I still catch myself, in the middle of a normal weekend, turning to Dave and saying, “I can’t believe we have four boys. Isn’t that crazy?” Because seven months on from number four, it still takes time to sink in. The dial of life has been turned up several notches and there are times when I feel like I’m waiting to catch my breath. Somehow it stills seems surreal to me that I have been entrusted with the lives of these four boys.
And I know the phase we are in now is the intense total-hands-on stage. Intense. Total. Hands. On. My name gets called 550,000 times a day. There are multitudes of “He’s looking at me!”, ” He touched me!”, “My hot dog fell out of my bun!”, “Josiah spewed again!”, “I can’t find my other shoe!”, “I can’t sleep!”, “I am NOT changing my socks!”, “Josiah’s crying again!”, “I’m not going to ______”, and on and on. It takes a total of one hour and fifteen minutes to get out the door to go anywhere. And by the time we get out the door with tempers frayed we are wondering if wherever we are going is even worth it. We’re in the tag-team period where it’s either Dave OR me going out, sleeping in, having quiet space, but rarely both.
And yet it’s also the stage of lots of laughter, lots of cuddles, lots of crayon drawings given as gifts day in and day out. It’s the stage where our hearts swell with love as we spy on kids who are having moments of tenderness towards one another. It’s the phase of life where everything is loud, chaotic, demanding, and yet, somehow there’s this part of you that is aware of the fact that no matter how bothered you are by it now, you will miss it when it’s gone.
So as we enter into the last two weeks of summer holidays, I want to intentionally remind myself of who it is I have the privilege of mothering every day.
There’s my first-born Gabriel. Eight going on fourteen nine. He’s like a spring day where you can expect storms and sunshine all in the same 24 hours. Friends are super important to him and he is gaining freedoms as well as responsibilities. With a flair for the dramatic, he struggles to sit still when telling a good story. He is also highly relational and loves to have a chat with anyone who will listen.
Coming in a close second, we have Elijah. Seven. Life is mostly good for his guy most of the time. He is a curious soul with a fair dose of ants in his pants. He is kind, sensitive and mischievous all rolled in to one handsome package. Often when you talk to him, he has that faraway look in his eye and is most likely planning his next kingdom on Minecraft.

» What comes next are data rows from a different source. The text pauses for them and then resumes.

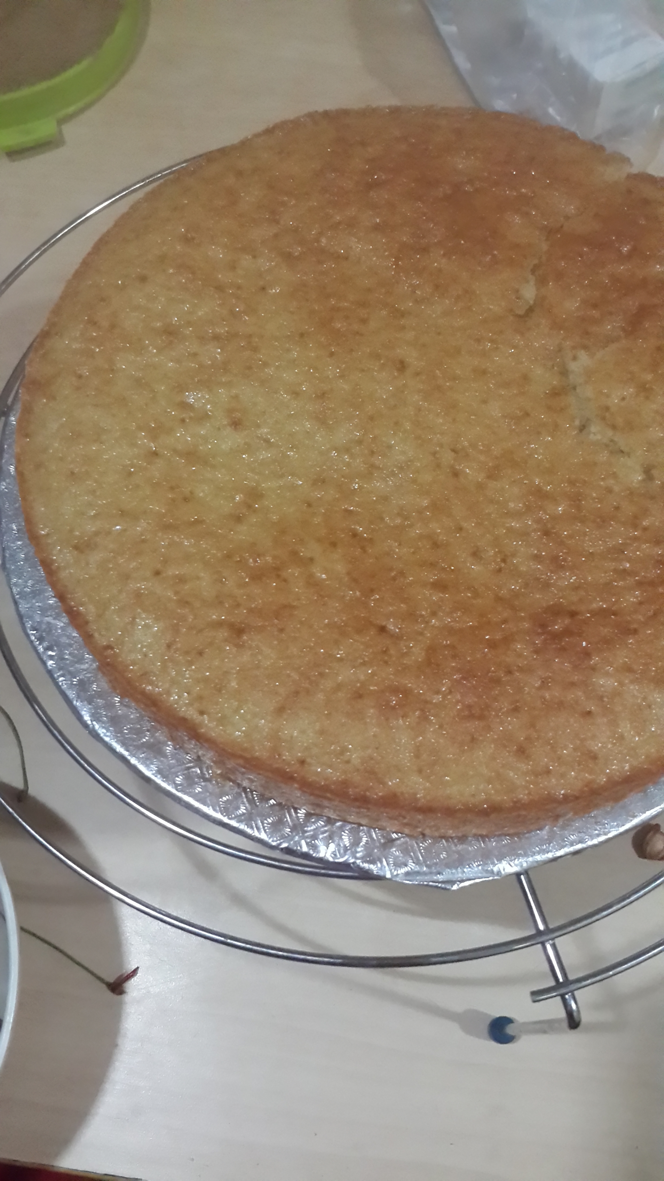 - Bake the sponge cakes in a similar shaped and sized moulds.Trim off the brown crust.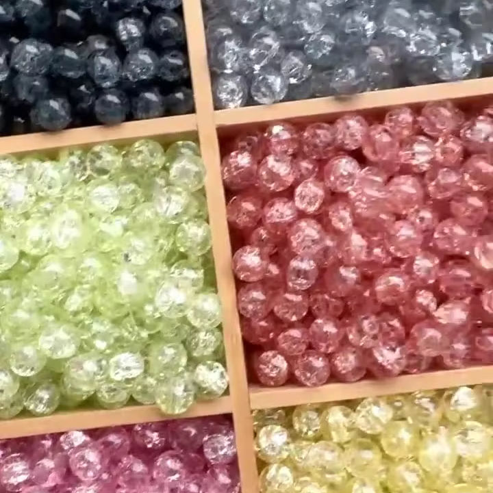 Wholesale 8/10mm Solid Color Burst Ice Crack Round Glass Beads Jewellery Making DIY Bracelet Necklace Accessories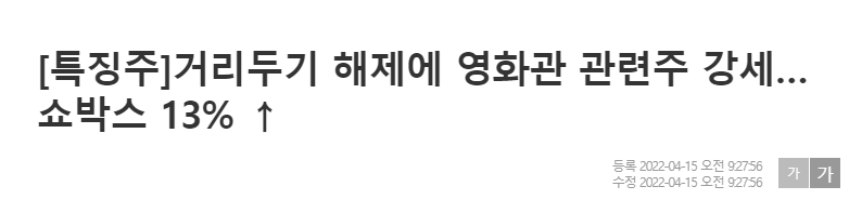바로 거리두기 해제에 영화관을 찾는 사람들이 많아져서 수혜를 받을거란 기대감에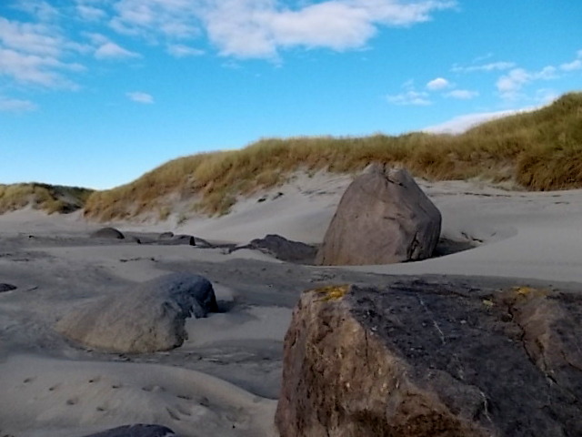 The soft sand on the last leg of the trip did me in, so we retreated to the top of the dune, where there was a nice, hard-packed trail. We went on to Bryne for Chinese food, and home to bed – a nap that turned into a good, deep all-night sleep.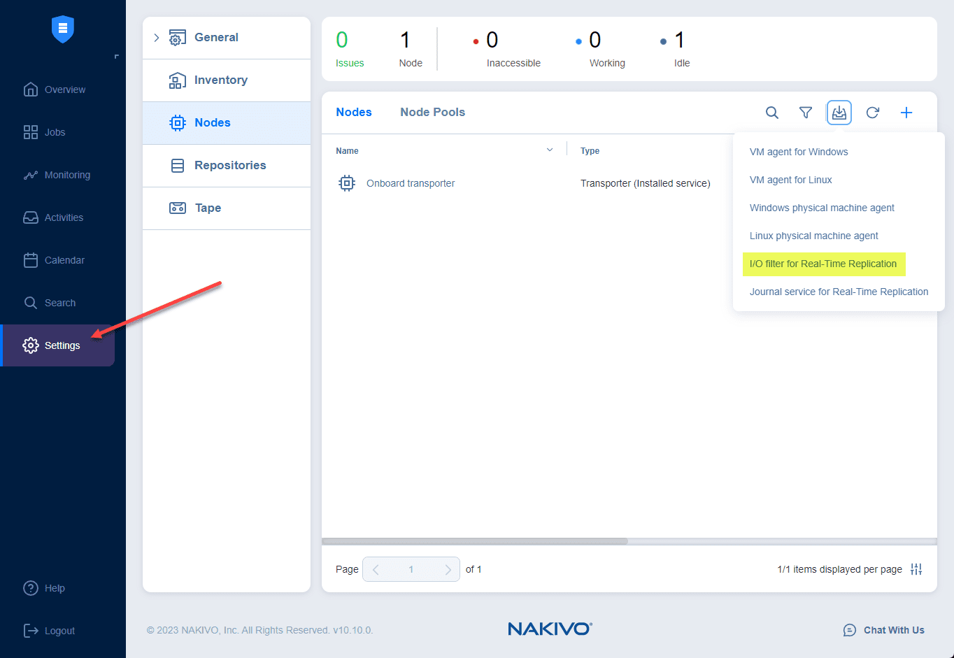 Under the Settings > Node area, you can download the I/O filter for Real-Time Replication.

Dear, sweet little Benjamin. Three going on four. This guy is our little lovebug. He is the one who is most likely to be credited for softening his parents rough edges. Always ready with a cuddle and an “I love you so much” right when it is needed, he pays close attention to relational dynamics of the family. His sweetness and generosity has won many hearts over.
And our lucky, little last, Josiah. 7 1/2 months. He is the final piece of this family puzzle and has captured every one of our hearts in his short time with us. He is proving so far that he wants to keep up with his brothers: off the size charts for his age, eight teeth in seven months with more on the way, picking up finger food, and moving all over the floor. He is vocal, playful, focused and cheeky. We are smitten!